*Work task*
Each line from the one with "En las imágenes" through the last line below must be written out exactly. Do not copy pictures.

══ Provided data

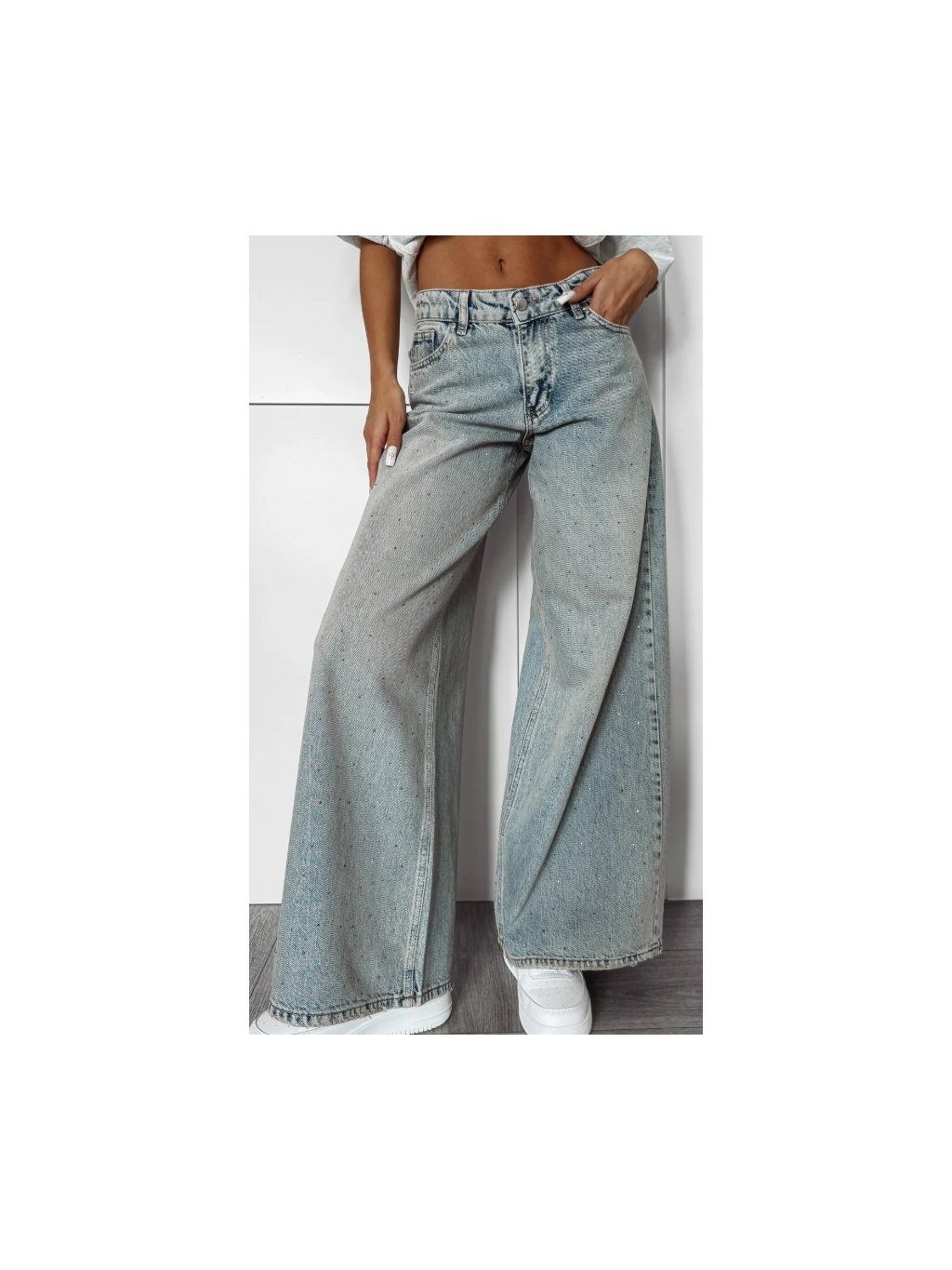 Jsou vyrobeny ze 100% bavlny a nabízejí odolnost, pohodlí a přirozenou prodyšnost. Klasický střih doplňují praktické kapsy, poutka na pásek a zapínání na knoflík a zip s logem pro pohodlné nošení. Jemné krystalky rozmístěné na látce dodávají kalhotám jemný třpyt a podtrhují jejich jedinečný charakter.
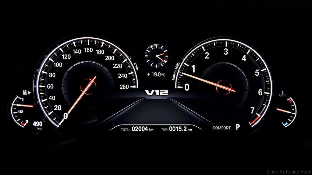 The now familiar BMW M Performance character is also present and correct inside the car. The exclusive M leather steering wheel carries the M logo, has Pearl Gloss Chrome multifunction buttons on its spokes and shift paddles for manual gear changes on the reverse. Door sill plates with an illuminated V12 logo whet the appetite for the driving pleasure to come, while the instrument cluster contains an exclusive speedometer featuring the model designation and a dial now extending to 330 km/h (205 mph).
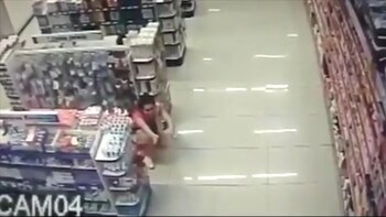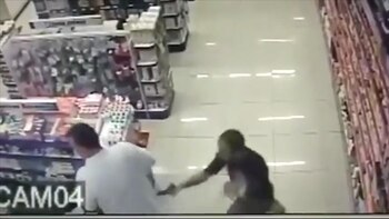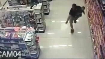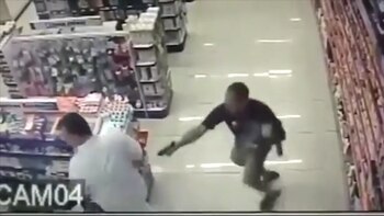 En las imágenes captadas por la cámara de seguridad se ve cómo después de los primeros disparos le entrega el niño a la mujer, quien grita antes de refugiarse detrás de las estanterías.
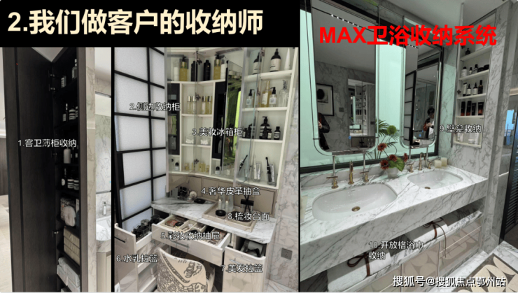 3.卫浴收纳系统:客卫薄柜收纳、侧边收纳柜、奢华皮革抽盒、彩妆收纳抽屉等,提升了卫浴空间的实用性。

════

*Answer section*
 En las imágenes captadas por la cámara de seguridad se ve cómo después de los primeros disparos le entrega el niño a la mujer, quien grita antes de refugiarse detrás de las estanterías.
 3.卫浴收纳系统:客卫薄柜收纳、侧边收纳柜、奢华皮革抽盒、彩妆收纳抽屉等,提升了卫浴空间的实用性。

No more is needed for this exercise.